Supplementary Material

Supplemental Figures

Table S1, related to Figure 1. Proteome data. Related to the significantly increasing and decreasing proteins in WT and dDP^−/− larvae. Calculated Log₂FC and FDR with ChIP (E2F1-, E2F2- and RBF- bound genes, “TRUE”; “FALSE”: not bound). Protein IDs are indicated in columns: Uniprot ID/KB/Refseq/Flybase protein for proteins; Flybase transcript, flybase gene and Gene name for transcripts. Significantly increased (Up in DP, Log₂FC >0.5) and decreased proteins (Down in DP, Log₂FC >0.5) are separated into tabs.

Table S2, related to Figure 1. Gene expression data. Related to the significantly increasing and decreasing transcripts in WT and dDP^−/− larvae. Calculated Log₂FC and FDR with ChIP binding data (see E2F1, E2F2 and RBF ChIP columns). Synonym IDs are indicated as in Table S1. Significantly increased (Up in DP, Log₂FC >0.5) and decreased transcripts (Down in DP, Log₂FC >0.5) are separated into tabs.

Table S3, related to Figure 1. Integrated ChIP/RNA/Protein data.
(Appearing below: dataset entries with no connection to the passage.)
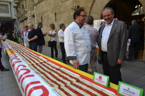 El president de la Diputació de Lleida, Joan Reñé, ha assitit aquest divendres a l’acte solidari organitzat pel Gremi de Forners de les Terres de Lleida i que ha consistit en l’elaboració i exhibició d’una coca de 25 metres de llarg que serà lliurada al Banc dels Aliments.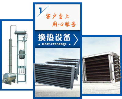 本公司充分與大專院??蒲袡C構協同研發創新形成了以換熱設備為主體的多種系列產品。主要產品有螺旋板式換熱器(Ⅰ、Ⅱ 、Ⅲ型), 空氣換熱器(散熱器),空氣加熱器,空氣熱交換器,空調換熱器(表冷器),管殼式換熱器(列管)及各類非標設備等,為化工、紡織印染、涂裝烘漆及城市供暖浴室、溫水游泳館等配套提供換熱設備,取得了良好的社會效益和經濟效益,贏得了廣大用戶的認同。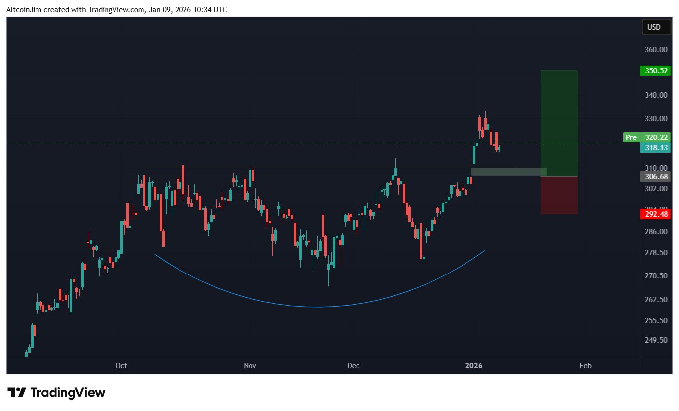 TSM breaks resistance, bullish technical pattern, target $350.52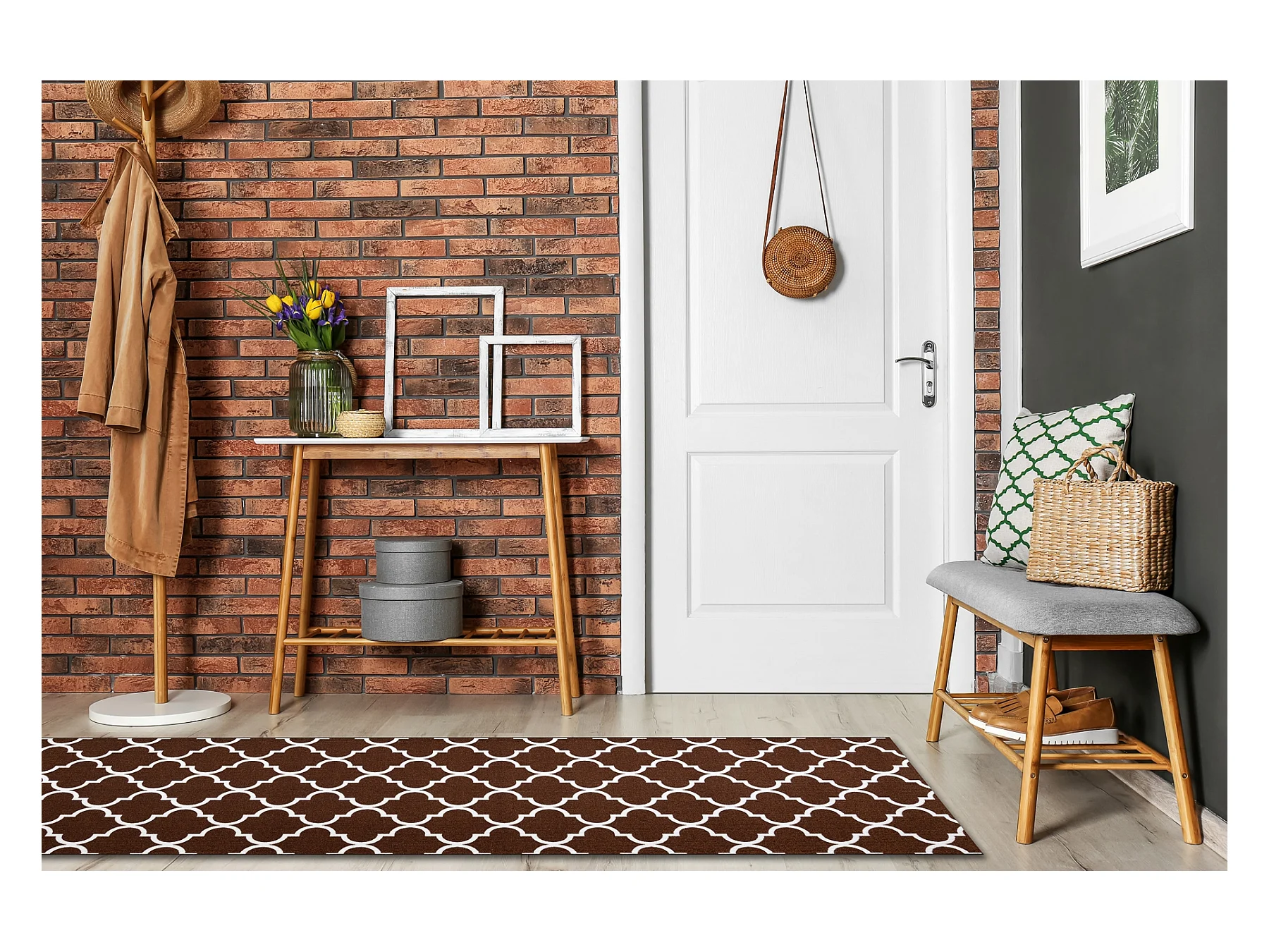 PASSATOIA GOMMATA MAROCCO TRIFOGLIO marrone TRELLIS 30351 100x990 cm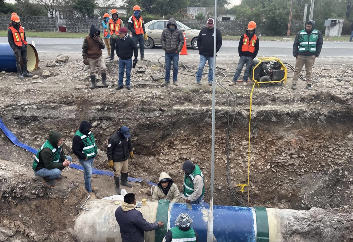 El sitio de la ruptura del acueducto y fuga permanecerá abierto este domingo y lunes para ser cubierto una vez que pase el periodo adicional de prueba de operación del al cien por ciento.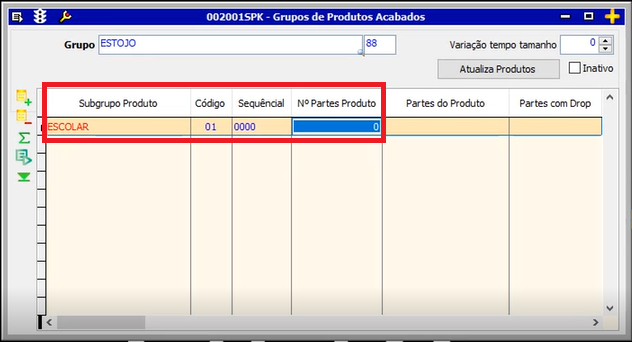 | Inativo | Caso o checkbox seja preenchido, o subgrupo correspondente se torna inativo. |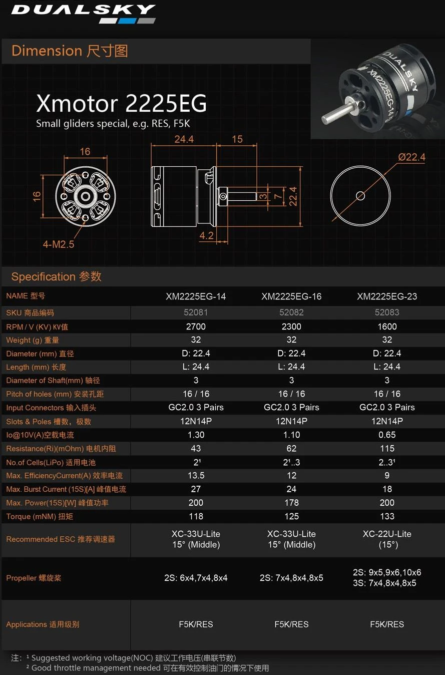 The Dualsky XM2225EG-14 is a high quality outrunner for models weighing 200 – 600g.

Related to the list of candidate drivers of the dDP^−/− phenotype. Direct and indirect target genes are separated into subsets (E2F1, E2F2 and RBF ChIP columns). Calculated Log₂FC (PROTEIN Log₂FC, RNA Log₂FC) and statistical FDR values (PROTEIN FDR, RNA FDR) are shown for each candidate. Synonym IDs are indicated as in Table S1.